Petty on the Championship Four drivers standing backstage before driver introductions: “This is like a championship heavyweight bout, and we are bringing everyone out of the same dressing room…It is unheard of in any other sport.”

 

Jarrett on the Championship Four team owners: “They haven’t all sat in the seat of a stock car and won a Championship, like Tony Stewart. I appreciate everything the other three have done. They have built great teams and won championships in all forms of motorsports, but Tony Stewart is the man that understands going out and winning this race more than anyone else.”

 

Petty added: “Owners are like parents.
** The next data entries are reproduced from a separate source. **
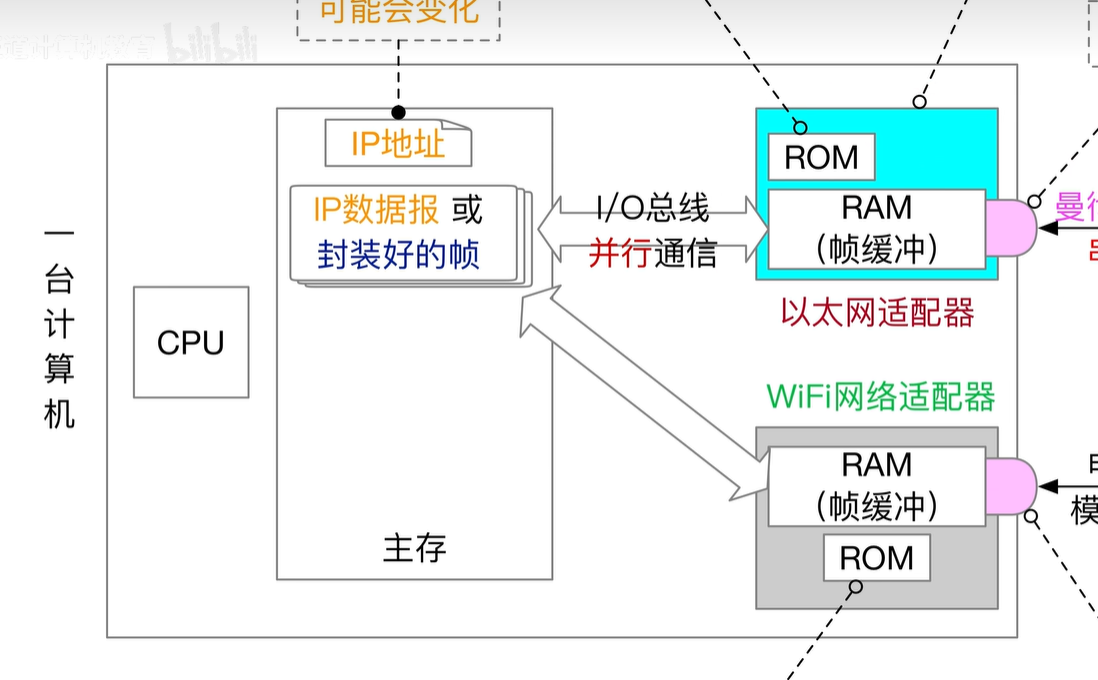 以太网适配器中ROM存放了唯一的MAC(Medium Access Control) 地址(WiFi网络适配器也有,MAC地址不同) 占48bit
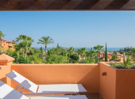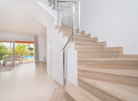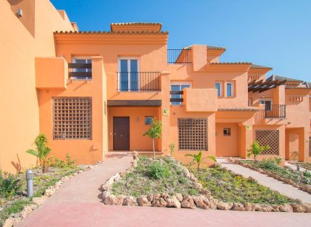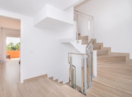 Small promotion of townhouses in a gated community near El Paraiso Golf, about 3 kms. to the beach and close to several golf courses. A quiet and secluded setting. The house faces south with views to the sea from a large terrace. On entering the ground level you find the open plan kitchen & guest toillet, living and dining room and this leads out to a covered terrace with a private garden which then connects to the communal garden and communal pool. On this floor there is also a store room and a laundry area off the kitchen. The second level has a master bedroom and bathroom ensuite, plus two bedrooms with a bathroom to share. The staircase then leads you to a spacious solarium roof terrace with views of the garden and the sea beyond. Covered and uncovered parking within the gated community with allocated parking spots for each house. Nearby are amenitues such as restaurants, supermarket, golf clubs, tennis clubs and Puerto Banus is approximately a 15 minute drive away and San Pedro about 10 minutes drive a way. Sold unfurnished.
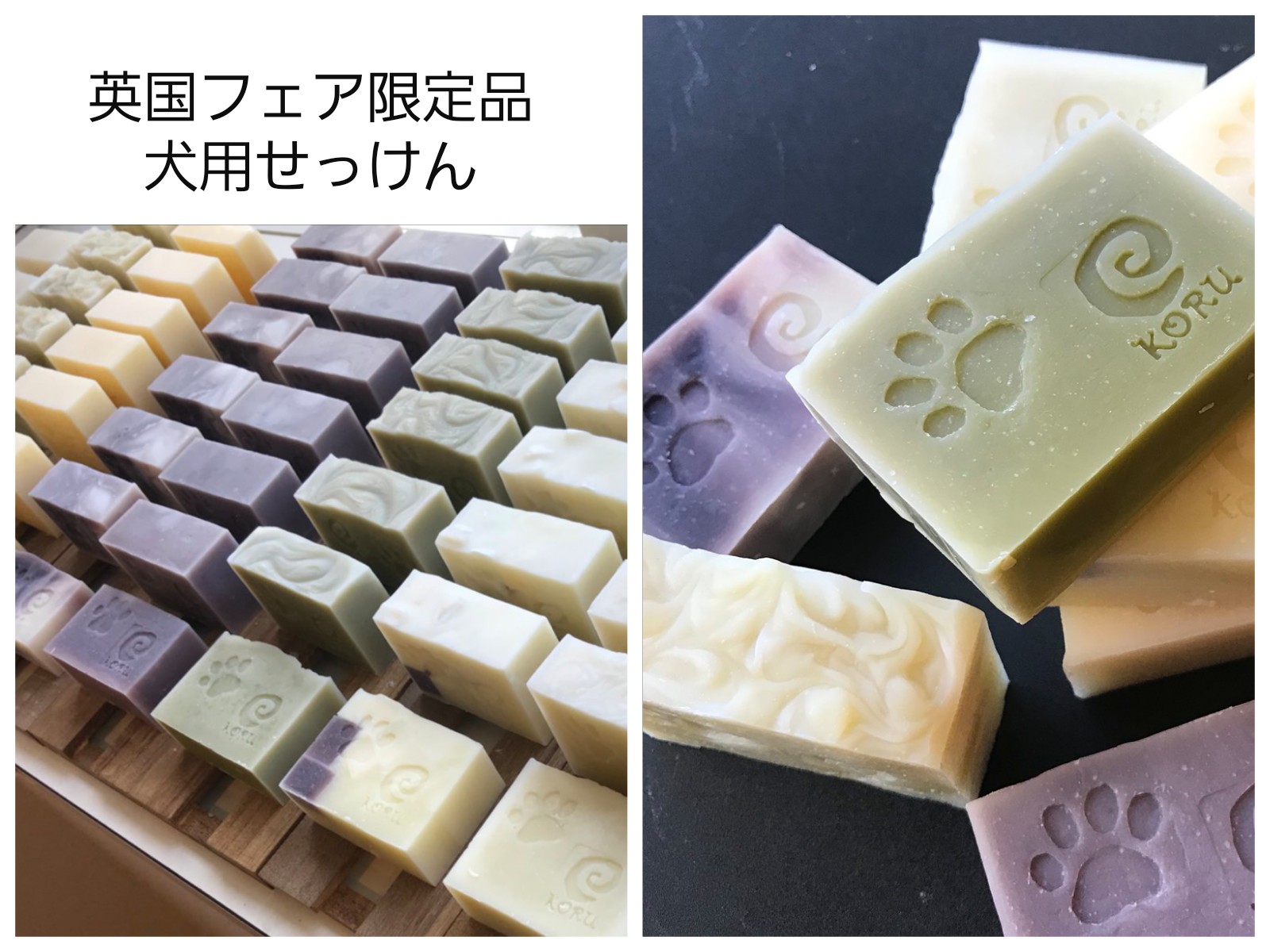 ARKのブースでは2019年ARKカレンダーをはじめ、このフェアのため、アロマ講師として活動されておりますアークの里親さまが犬用のせっけんを特別に作製してくださり、数量限定で販売します!
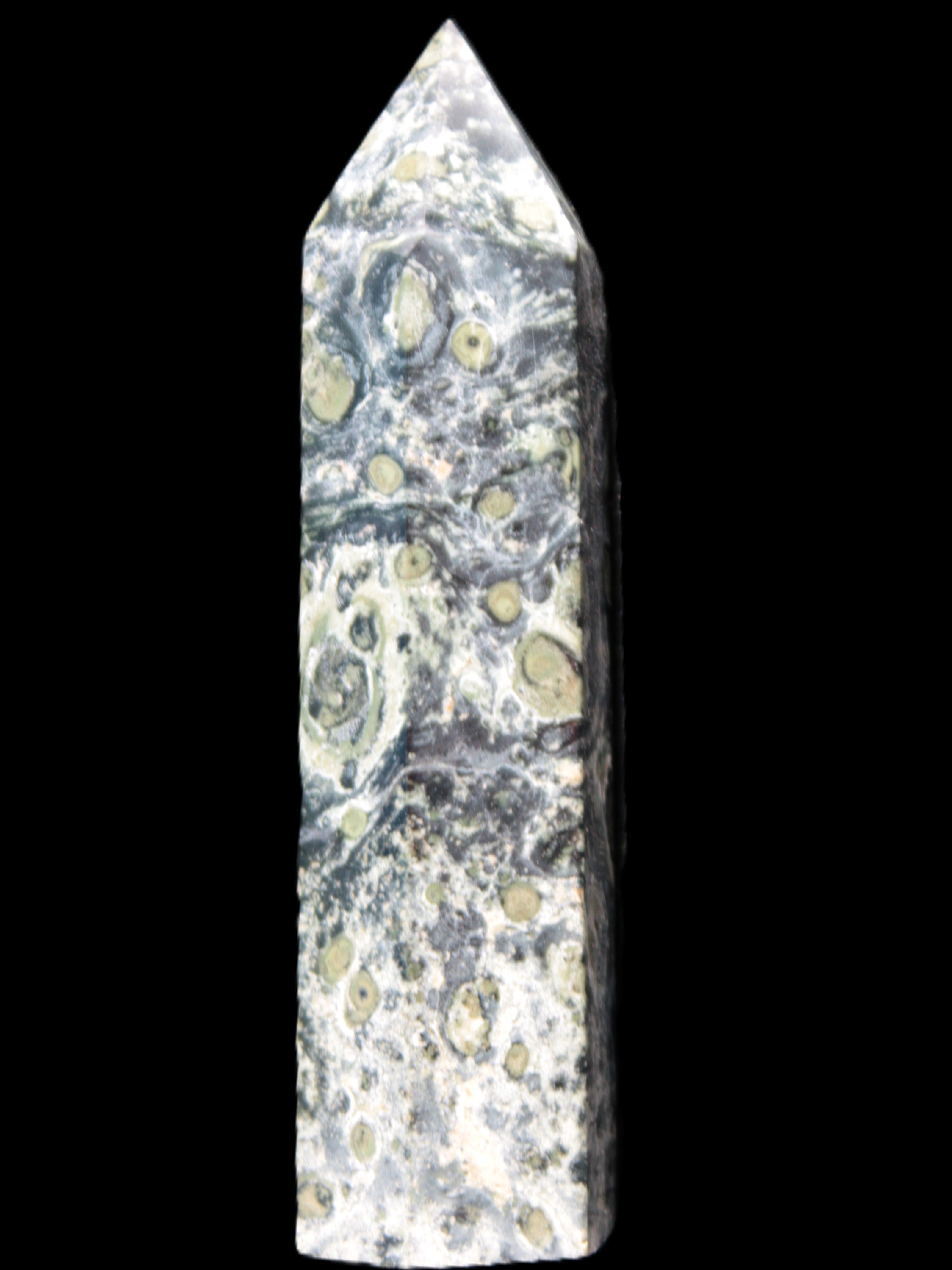 Kambaba Jasper is the fossilised remains of one of Earth’s oldest lifeforms, Stromatolite algal reefs that began living on Earth about three-billion years ago. Kambaba Jasper is sometimes confused with Malachite or the rare Nebula Stone. The black circles and the dark green swirls on the stone represent comfort and protection. It has aligning, grounding and cleansing energies. These provide calm, relaxation, balance and restoration.

All you can do is give your children all the opportunities and all the tools that you can to success, and then turn them loose.”

 

Voda on Truex and the No. 78 team: “There is a scene in the movie ‘The Replacements,’ where Gene Hackman tells his players, ‘There is no tomorrow for you, and that makes you very dangerous.’ Is that what we are seeing with this No. 78 team?”

 

Petty: “In a lot of ways yes. I think that is an intangible. I think heart is an intangible. You can’t see it. We can talk speed, we can talk preparation, and we can talk guys who have led laps and won races, but we can’t see what these guys are feeling emotionally.”